Perhaps Yusof is on to something as Syamsul said that tough love makes them want to achieve better things.

“Our commitment towards making movies is fuelled by our need to prove dad wrong. I know we have our differences but what really matters at the end is that we get to do what we envisioned. In all the movies we direct, our dad’s influence is prevalent,” Syamsul said.

They have also been inspired by Yusof’s work ethic.

“My dad works really hard and I really admire him for that. It keeps me going during those production days when I don’t get enough sleep or rest. If dad can do it, so can I,” offered Syamsul.

Syafiq shared that Yusof hates going on holidays: “If he has to do that, he’ll just be in a bad mood.”

At home, they have seen Yusof falling asleep while correcting scripts, with a pen in hand.

Yusof revealed that he’s afraid of making terrible movies: “I’d feel bad for disappointing the audience. That is why I’m hard on my sons. I don’t want them to rest on past glories.”
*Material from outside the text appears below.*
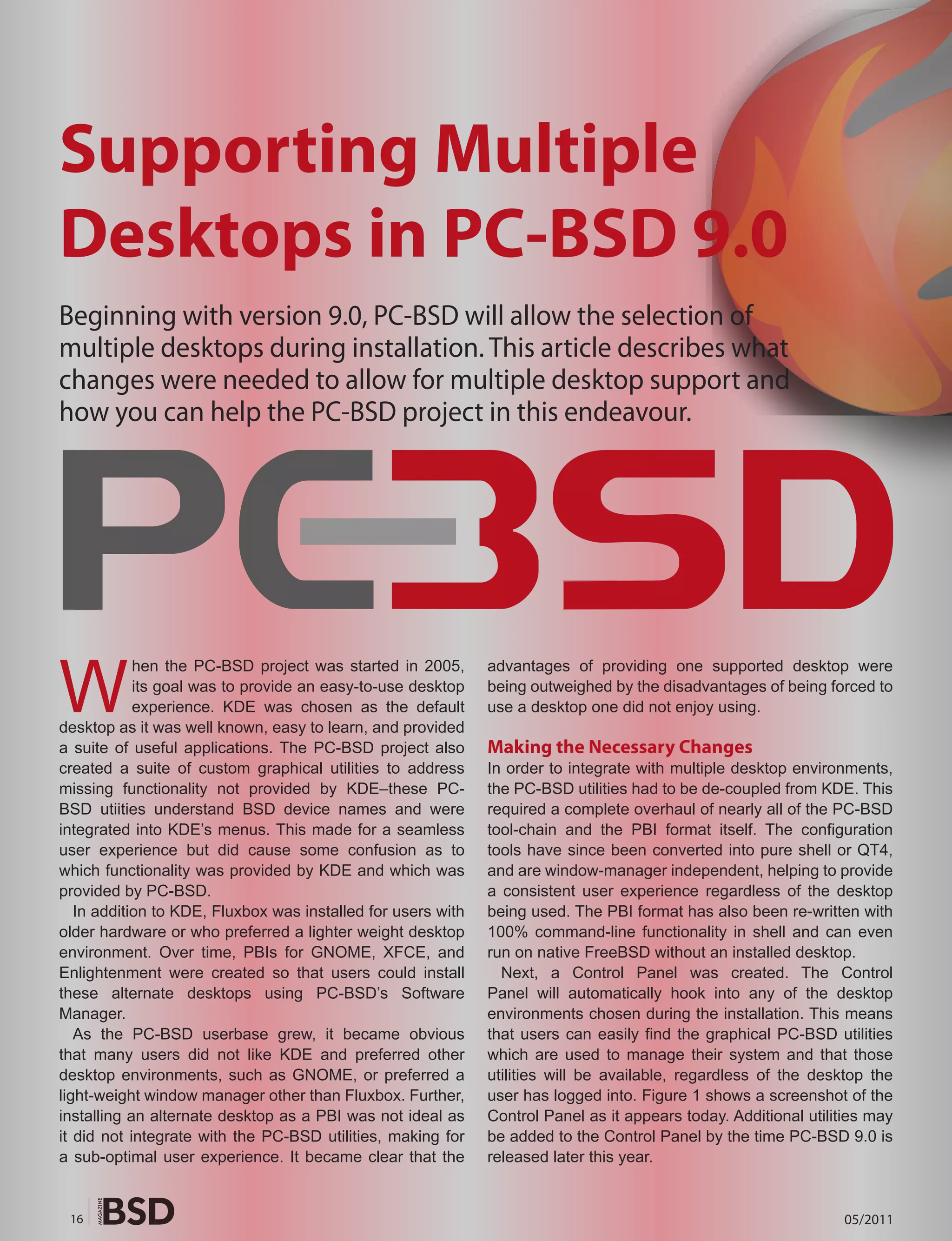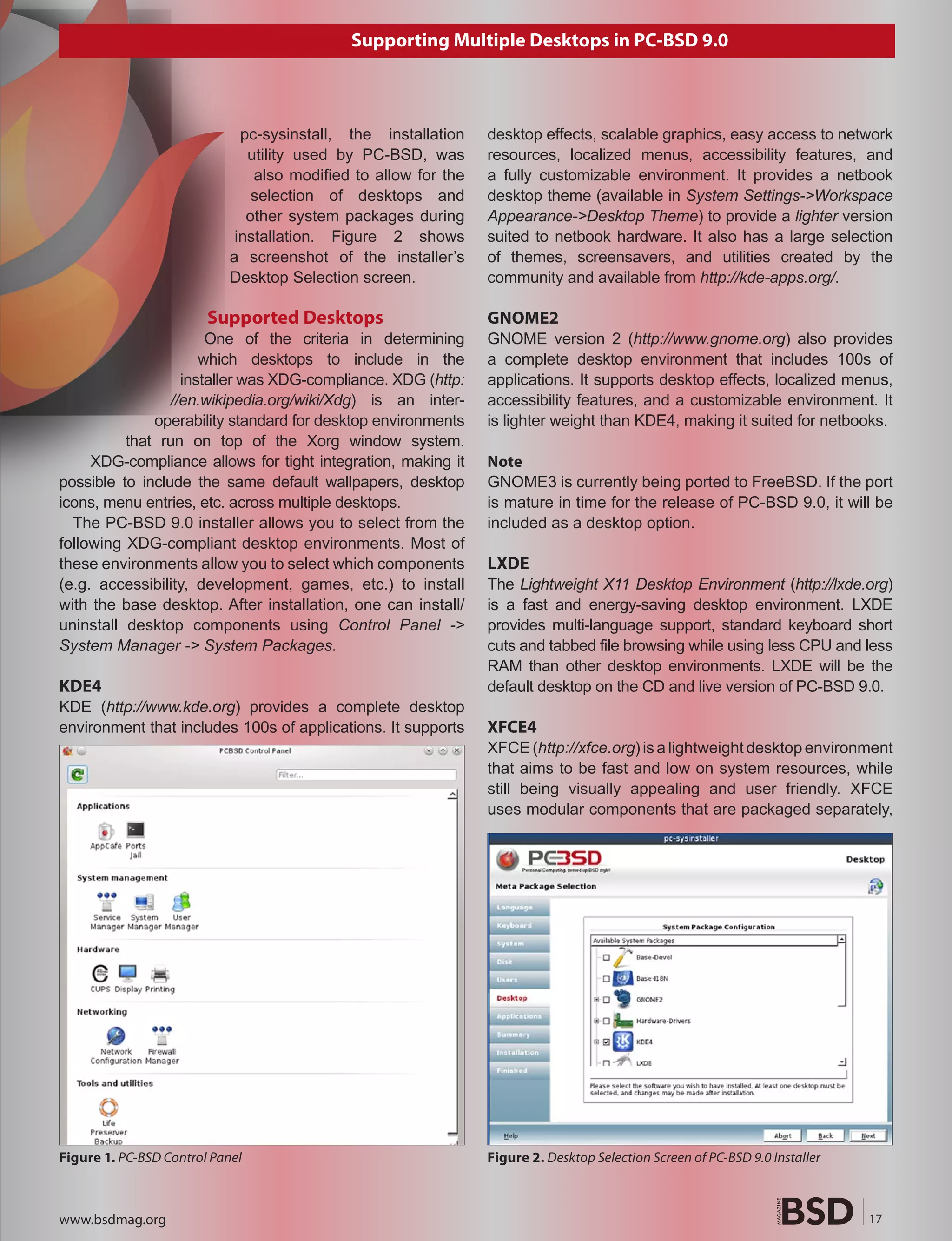 PC-BSD 9.0 will allow users to select multiple desktop environments during installation, such as KDE, GNOME, XFCE, and others. To support multiple desktops, the PC-BSD utilities were decoupled from KDE and reworked to be independent of any particular desktop. A new Control Panel was also created to provide integrated access to PC-BSD utilities from any desktop. Users are encouraged to try the new multiple desktop support in testing snapshots to help identify bugs before the final 9.0 release.

Syafiq and Syamsul said that they are still trying to earn Yusof’s complete trust in them. They have also come to understand the root of Yusof’s worries.

“He thinks that if he stops working, then his staff members and their families would suffer. If our movies were bad, people would lose faith in us and that would affect the business.

“Recently, I told him to take it easy. I wish he would stop worrying so much and learn to trust us more,” Syamsul said.